Мадам Мотэ де Флервиль. Вы ведь живете в Арденнах, мсье Рембо? В Шарлевиле?

Рембо. Ну.

Мадам Мотэ де Флервиль. Шарлевиль – милый городок, правда?

Рембо. Самая гнусная дыра на всей созданной Богом земле.

Мадам Мотэ де Флервиль. А чем занимается ваш отец?

Рембо. Пьянствует, надо полагать. Мы его десять лет не видели.

Мадам Мотэ де Флервиль. Мне очень жаль.

Рембо. Папашу моего, что ли? Он живет себе припеваючи.

Молчание.

Мадам Мотэ де Флервиль. Наверное, после ужина вы нам что-нибудь почитаете?

Рембо. Вряд ли.

Матильда. Ой, почему?

Рембо. Не хочу.

Мадам Мотэ де Флервиль. Дорогая, мсье Рембо, вероятно, устал.

Рембо. Нет. Просто я не читаю свои стихи.

Матильда. А другие поэты читают. У нас в доме бывают поэтические вечера..

Рембо. Другие поэты меня совершенно не интересуют.

Верлен. Но ведь поэты могут поучиться друг у друга, разве нет?

Рембо. Плохие поэты – да.

Матильда. Вам бы определенно понравились наши вечера. К примеру, на прошлой неделе. Поэзия и музыка. Мюссе и Шопен.

Рембо. Мюссе?

Матильда. Неужели вам не нравится Мюссе? Мой любимый поэт. Не считая Поля, конечно. Мой папа учился с ним в одном классе.

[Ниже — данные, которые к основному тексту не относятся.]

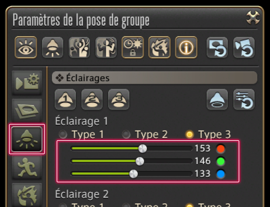 Trois curseurs, un pour chaque couleur, permettent d'ajuster la couleur de chaque éclairage dans le menu Paramètres de la pose de groupe > Éclairages.

Рембо. Неряшливая, легковесная шелуха. Самый неудобоваримый и бездарный из всех жалких шутов этого скучного века. Рифмоплет для школяров и дамочек.

Верлен. Ну, он ведь и пьесы сочиняет.

Рембо. Театр – вообще мура.

Верлен. Ты, как я посмотрю, рубишь сплеча.

Рембо. А как иначе?

(Молчание.)

Послушай, мне отлить надо. Где у вас тут?

Верлен проводит его сквозь сцену, шепотом объясняя, куда идти. Потом возвращается к женщинам.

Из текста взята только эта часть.